Tomorrow, a four-day congress of the International Psychoanalytical Association begins at Bedford College in Regent’s Park. It is a solid, scientific affair, with papers read on a wide range of technical subjects, as remote from common knowledge as are similar studies of physical matters. But the fact that it is not physical but matters that are discussed excites a curiosity in outsiders – an anxious curiosity – that has been, and always will be, the obscuring concomitant of this work, clinging to it as vapour to a liquid.
Psycho-analysts, in contrast to other practitioners in this field, are those professionally engaged in the study and methods pioneered by Sigmund Freud. Although all psychologists, psychiatrists and others such are indebted to Freud for beginnings the study of the unconscious mind (“they must all cook at our fire,” Freud once remarked), only those recognised by the psychoanalytical associations fully accept his work as the basis of theirs.
The hesitance of the medical profession and the closed doors of the universities (with their many chairs of philosophy, few of psychology, and none of psycho-analysis) has obliged those wishing to pursue Freud’s work as a profession to gain their training via these extra-mural associations. But psycho-analysis, both as a science and a therapy, has not ceased to grow because of this official neglect. It has continued to attract people of first-class ability and to expand its range.
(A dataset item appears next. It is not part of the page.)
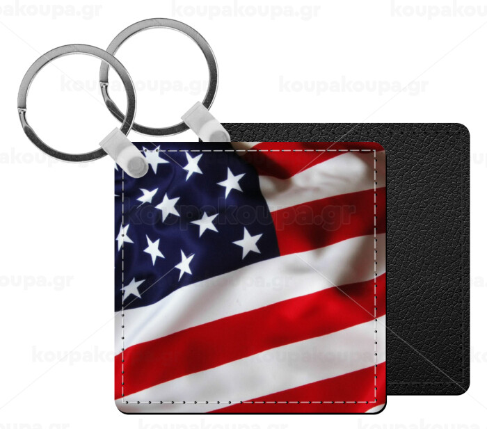 Σημαία Αμερικής, Μπρελόκ Δερματίνη, τετράγωνο ΜΑΥΡΟ (5x5cm)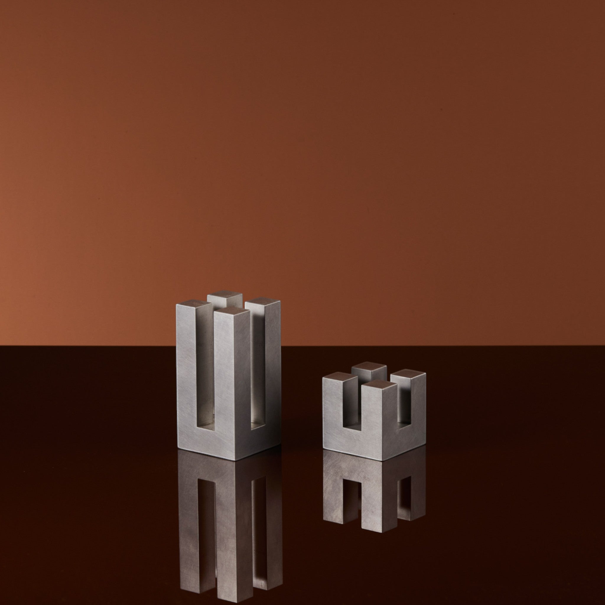 Ashley Corbett-Smith's Small Aluminium Candle Block is based on one of the earliest architectural principles, a dais and four vertical columns. As a form, it is as simple and elegant as possible.

That such a study is the subject of much misunderstanding, misrepresentation and dispute, including internal dispute, is, they consider, an inevitable as that as electrically charged object should give off sparks. Those engaged in it accept all this as perfectly natural, as a farmer must accept the weather of his district.
The honorary life President of this International Association, who will read a paper on the opening day, is a studious but vivacious man, slight but of commanding presence, a man now well advance in age, Dr. Ernest Jones. In the world of medical psychology, he is of international repute: and the contrast between his specialised eminence – he is perhaps the most eminent psycho-analyst alive, being the sole survivor of those who were intimate collaborators of Freud from the earliest days – and his quiet life in Sussex, where he enjoys a local reputation as a gardener, a cheerful neighbour and a scholar in some unknown faculty, is itself a piece of social history.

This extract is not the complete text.